For enterprises, the practical takeaway is simple: teams need a shared internal vocabulary before they can make sound buying and deployment decisions. If one group uses AI agents to mean autonomous task execution while another means scripted workflows with a chatbot front end, procurement and security reviews can drift away from the actual product behavior.
For builders, the glossary underscores how much value now sits in translation. The companies that win trust may not be the ones with the most ambitious terminology, but the ones that describe system limits clearly. That is especially true in enterprise AI, where legal, compliance, and IT stakeholders often need exact definitions before approving rollout.
The guide also surfaces where technical choices map to business outcomes. Large language models, RAG, and RLHF may sound like abstract jargon to non-specialists, but they point to concrete tradeoffs around retrieval quality, model steering, latency, and reliability. A product team that cannot explain those terms in plain English will struggle to explain why its system should be trusted in production.
There is also a competitive angle. As coding assistant tools move toward coding agent behavior, and as workplace automation platforms adopt stronger orchestration claims, language itself becomes part of positioning. Buyers will need to separate systems that can genuinely execute multi-step work from those that mostly wrap prompts around existing software.
First, watch whether major AI vendors and enterprise software companies converge on narrower definitions for AI agents and related automation terms. Standardization could emerge through product documentation, procurement requirements, or security frameworks rather than academic consensus.

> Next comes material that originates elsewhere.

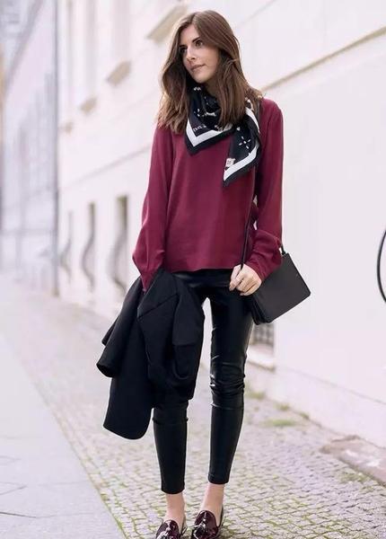艳丽的毛衣搭配一条素色丝巾可以提升造型的质感,更加高级耐看。
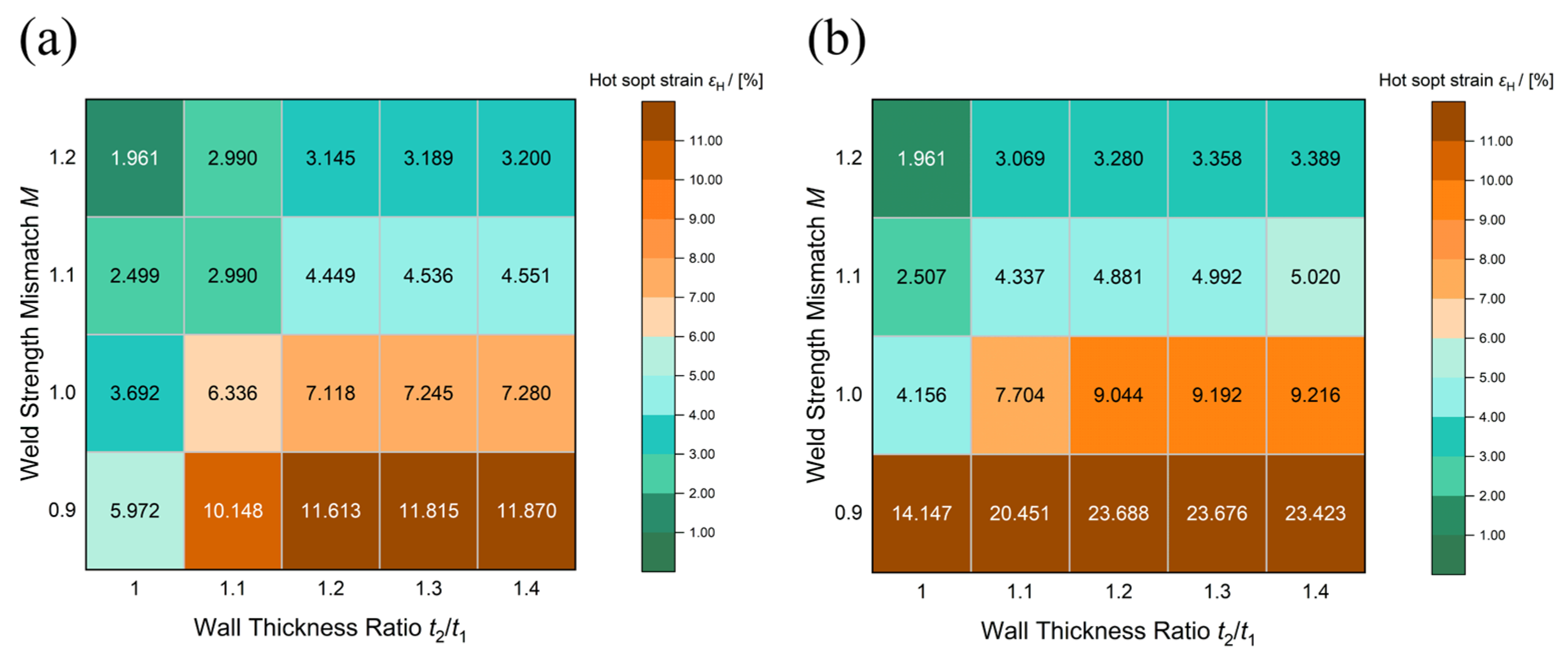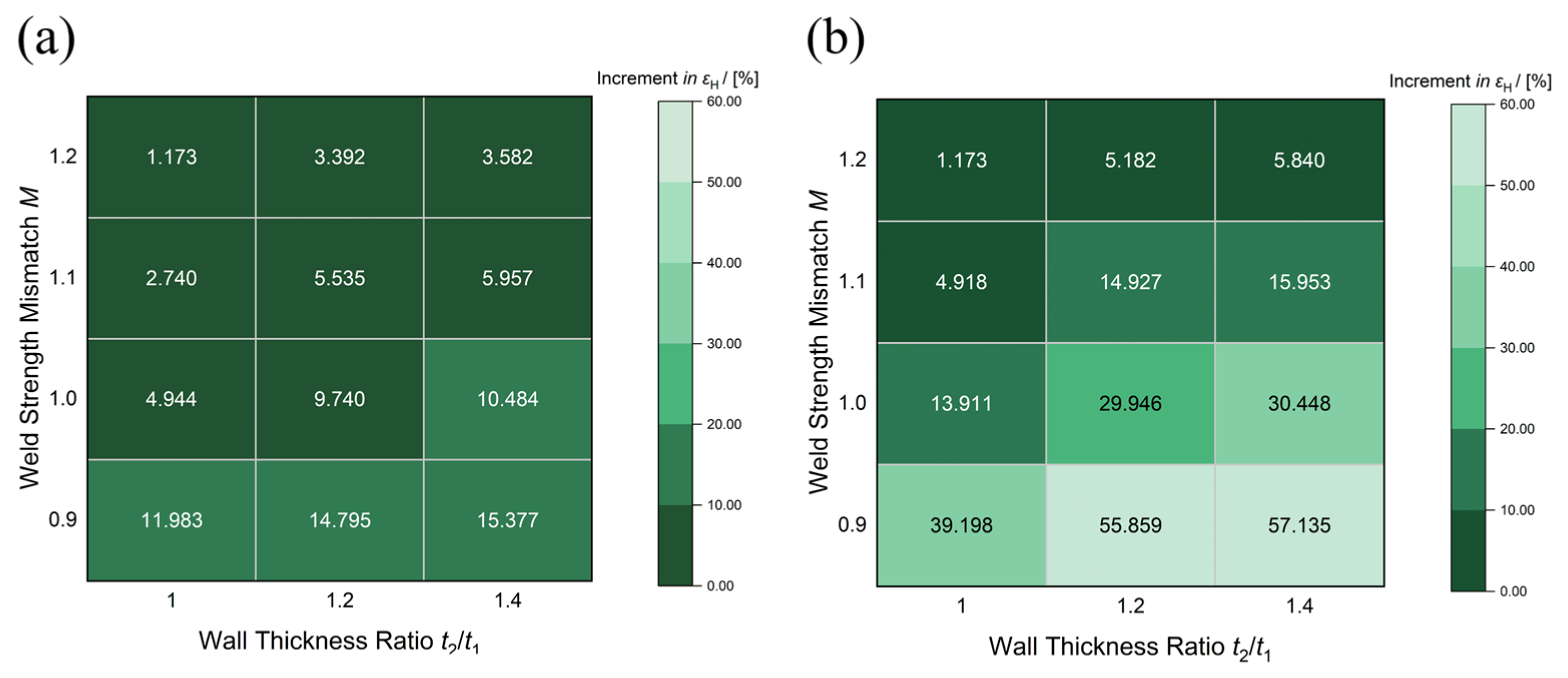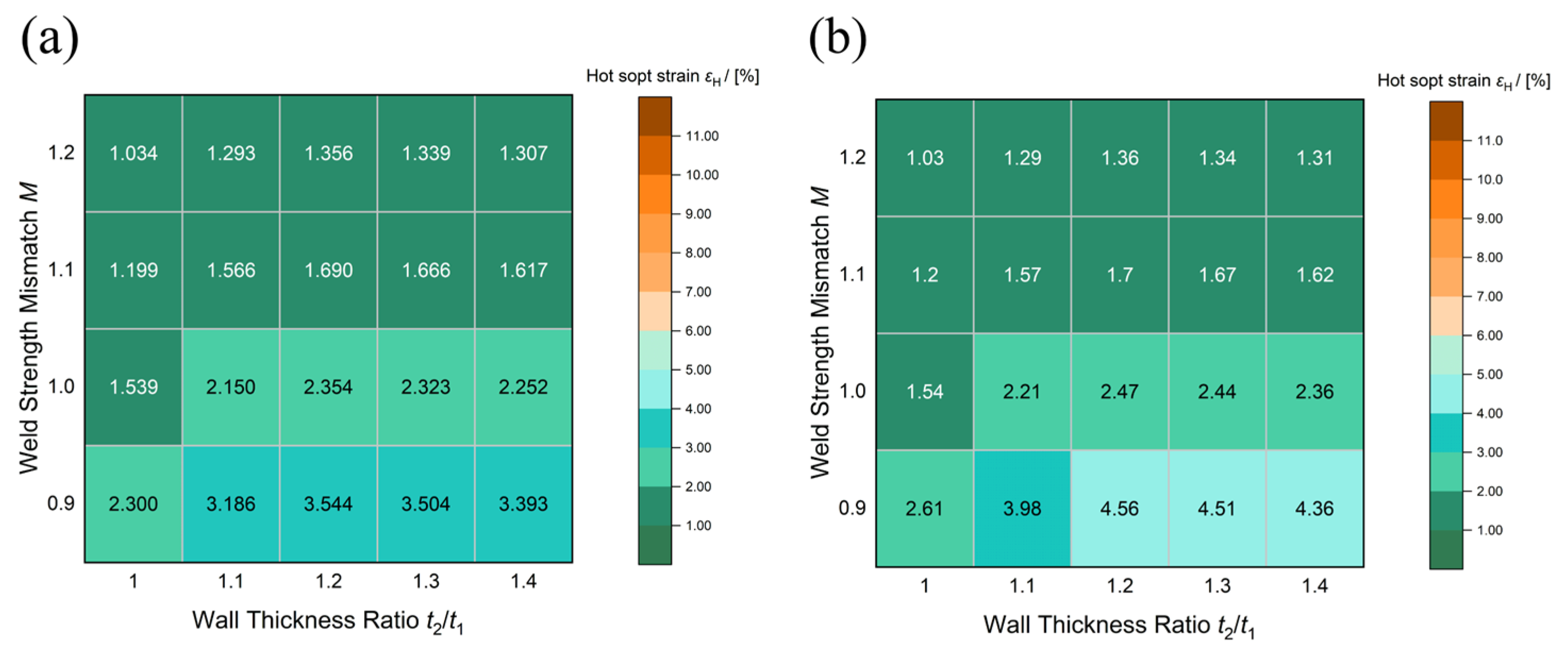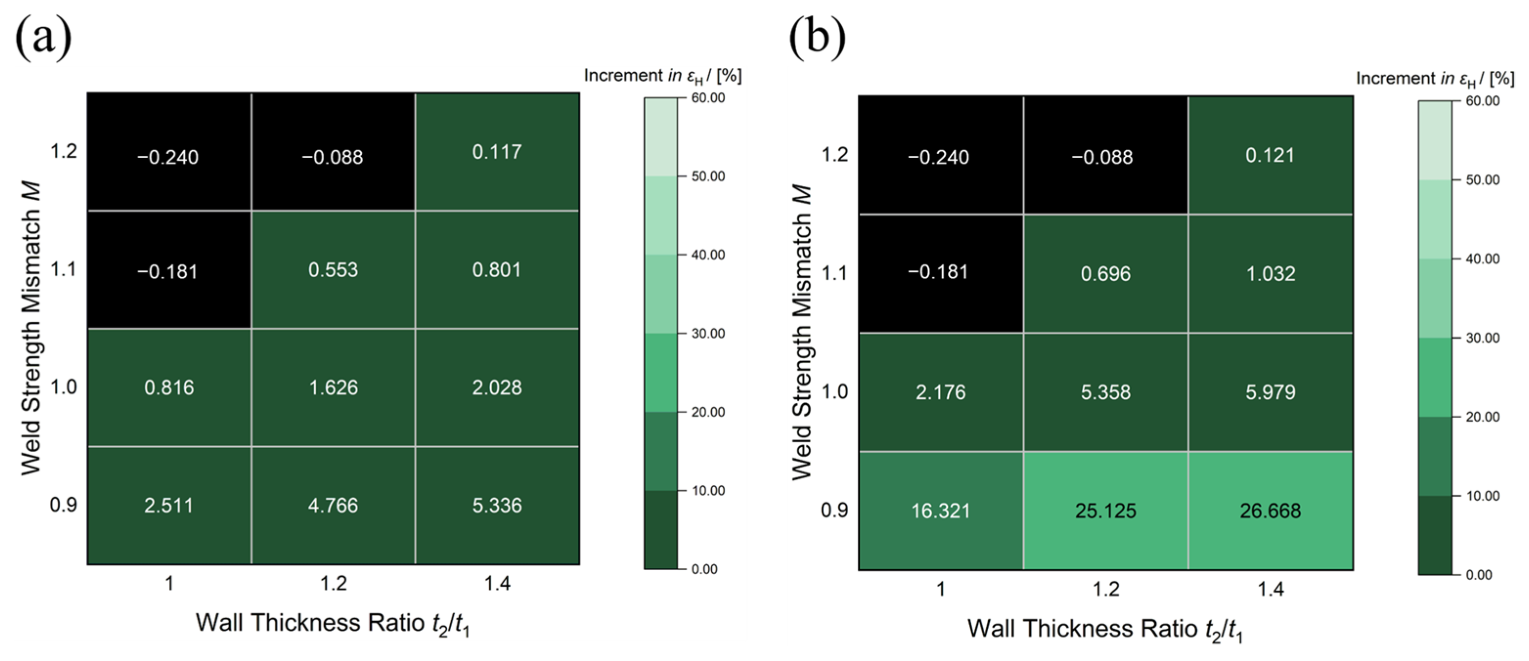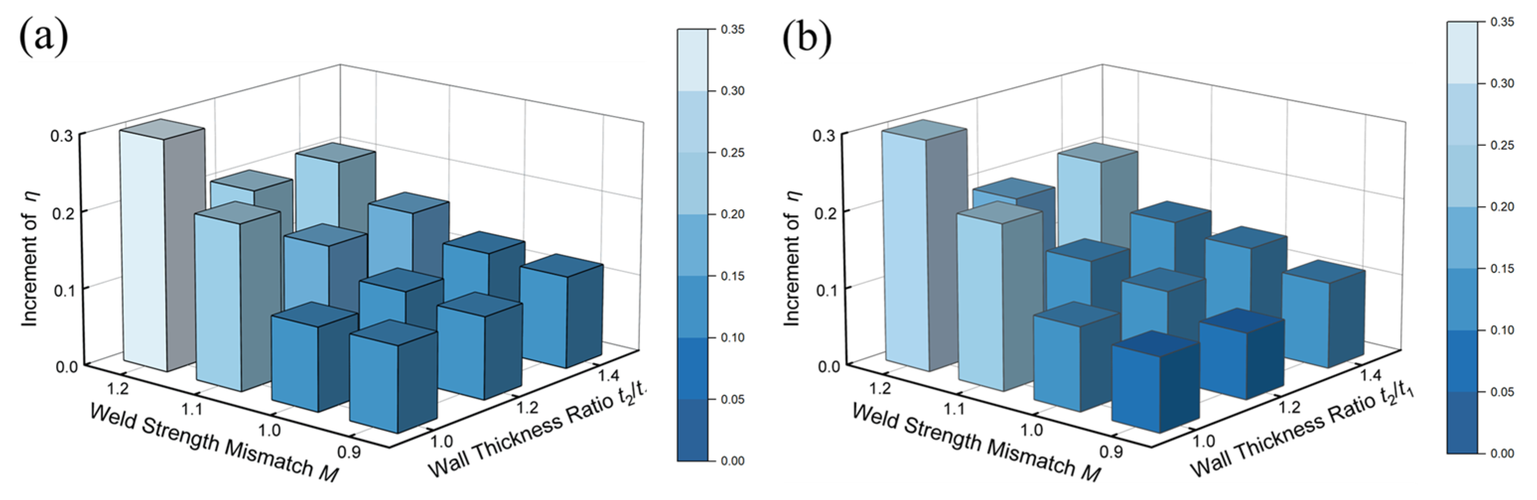 - Weld metal properties significantly affect girth weld stress–strain states. Calculation results indicate that increasing M reduces stress–strain concentration, but its effectiveness diminishes with geometric discontinuity. For m = 0 and t2/t1 = 1.0, raising M from 0.9 to 1.2 reduced η by 0.180; however, for m = 2 mm and t2/t1 = 1.4, the reduction was only 0.097. Higher λw reduces η and increases εH, particularly in undermatched welds with misalignment.

Second, watch how media outlets, analysts, and vendors handle AGI. As long as OpenAI and Google DeepMind use different framings, the term will continue to create more heat than clarity in business discussions.
Third, watch whether glossary terms like hallucination, distillation, fine-tuning, and chain-of-thought reasoning become part of routine enterprise RFP language. That would be a stronger sign that AI vocabulary is moving from specialist circles into mainstream procurement.
Finally, expect living references like this to expand. If the market keeps splintering into ever more specialized products, categories such as coding assistant, workplace automation, and enterprise AI will likely need their own sub-glossaries.
The TechCrunch glossary is a useful reminder that one of AI’s bottlenecks is no longer just model capability. It is shared understanding. The industry has raced ahead with products, demos, and claims, but the vocabulary around those systems is still unstable enough to distort comparisons and expectations.
For founders and product teams, that creates both risk and opportunity. Loose language can make a product sound more capable than it is, at least temporarily. But in enterprise AI, imprecise terminology usually catches up with deployment. The more autonomous a system is said to be, the more buyers will ask about controls, failure modes, and human review. In that sense, a glossary is not peripheral content. It is part of the market’s maturing stack.